Cette intelligence que l’on retrouve chez les anciens, les sages, les scientifiques et les artistes d’autrefois nous porte à croire qu’il n’y a pas de progrès, que le mythe du progrès est un leurre , qu’en fait, à chaque époque, seuls quelques hommes se sont élevés jusqu’où nous voudrions que toute l’humanité s’élève un jour et, que le développement technologique n’entraîne pas forcément d’amélioration de grande envergure. La grandeur de ces quelques hommes les a souvent mener à dominer et subjuguer les autres. Ils ne furent alors ni sages ni scientifiques ni artistes mais militaires, religieux ou hommes politiques alors que d’autres utilisèrent leur grandeur à se libérer, et, par leurs œuvres, à faciliter la libération des autres et des générations à venir. Mais, tout bien pensé, on ne devrait pas totalement les séparer en deux camps : d’un côté positif, la sagesse, la science et l’art et de l’autre, la milice, la politique et la religion, puisque, étant donné leur nature hybride et amoral, et selon leur orientation, et compte tenu du fait que leurs racines sont communes, ils peuvent être tant un pouvoir créatif que dominateur. De plus, la guerre entre dans le jeu de l’art, la politique dans celui de la science et la religion, peut-être, dans le domaine de la sagesse : lorsque l’on s’approche d’une mystique élevée, s’éloigne-t-on des églises et des dogmes.

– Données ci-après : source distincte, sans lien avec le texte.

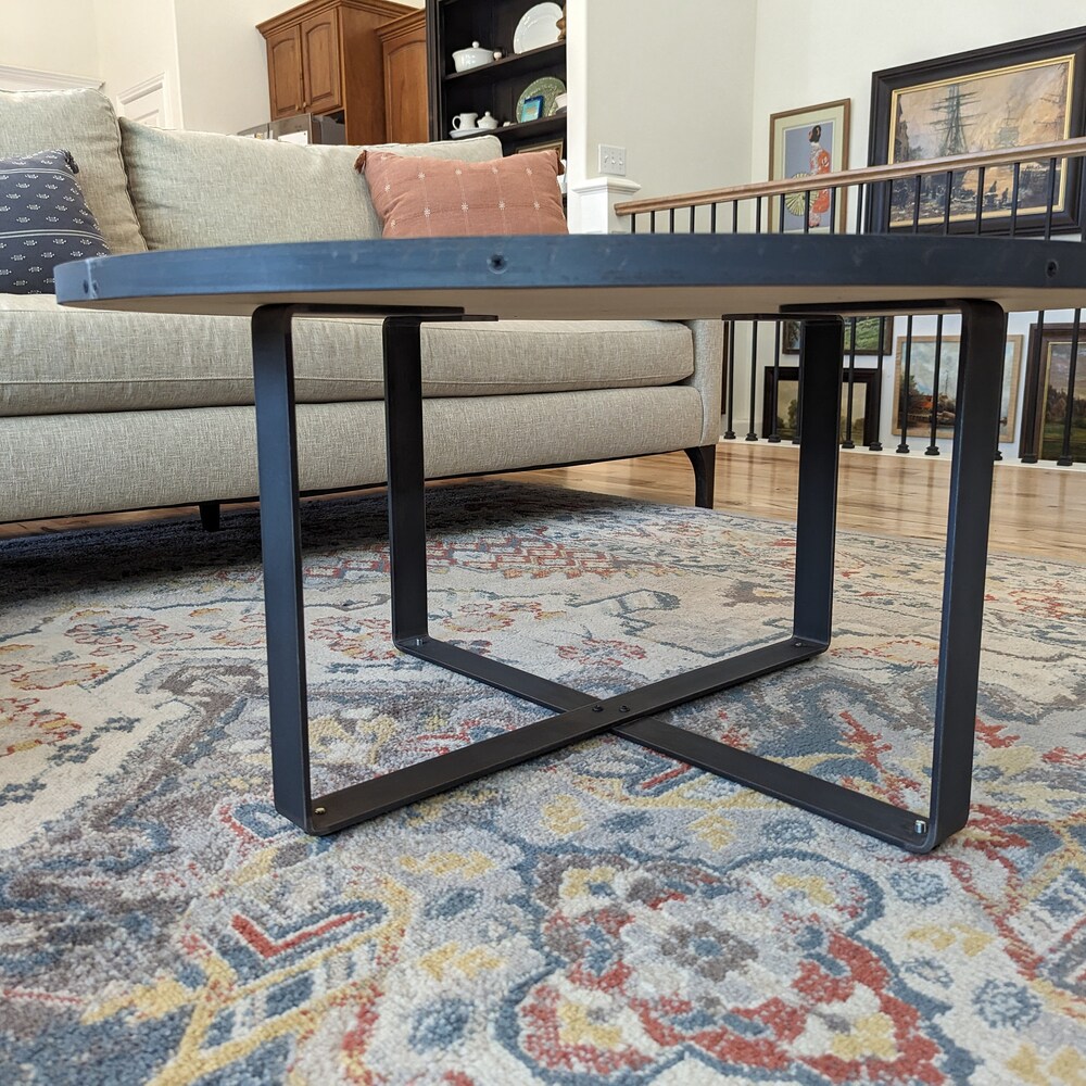 Made in our shop with 1/4″ thick 2″ wide flat raw steel bar. Legs go together with provided screws and allen wrench. Attach the top to base with included Philips screws. Level your table with included adjustable feet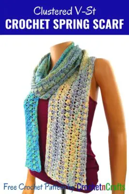 Clustered V-St Crochet Spring Scarf

Tous les hommes naissent avec le même potentiel naturel. Pourquoi alors, tant d’inégalités ? Parce que l’on naît dans une société donnée, et pas dans la nature. La structure de la société détermine les hommes nés en son sein. Si, dans une société, la participation politique est indispensable, les hommes qui y vivent développeront cette capacité. Si la structure même de la société requiert que les citoyens développent leur intelligence et entrent en contact avec la sagesse, la science et les arts, tous développeront ces capacités. Cependant, la société dans laquelle nous nous trouvons actuellement est structurée de manière à ce que la seule chose réellement nécessaire pour réussir est le travail, la production ; « Mon fils, tu dois travailler pour gagner ta vie ». Les sciences, les arts ou la politique et la sagesse entrent aussi dans la catégorie de travail mais ne sont présentés que comme une marchandise à vendre ou à acheter. Le mal-né dans notre société ne peut compter que sur sa force de travail qu’il doit obligatoirement vendre afin de survivre. Il est évident que ceux qui ont créé ce besoin social de la civilisation contemporaine n’étaient pas de ceux qui n’avaient entre leur mains que leur force de travail à vendre ; ils avaient aussi la possibilité d’acheter celle des autres. C’est ainsi que notre société prit le nom de société bourgeoise ou société capitaliste précisément parce qu’elle fut construite par des forces qui dominaient et dominent ceux qui pouvaient et peuvent en tirer des bénéfices. Pour cela, des moyens matériels furent mis à leur disposition par des découvertes scientifiques et grâce aux richesses naturelles qu’ils durent exproprier aux autres et, de fait, s’approprier.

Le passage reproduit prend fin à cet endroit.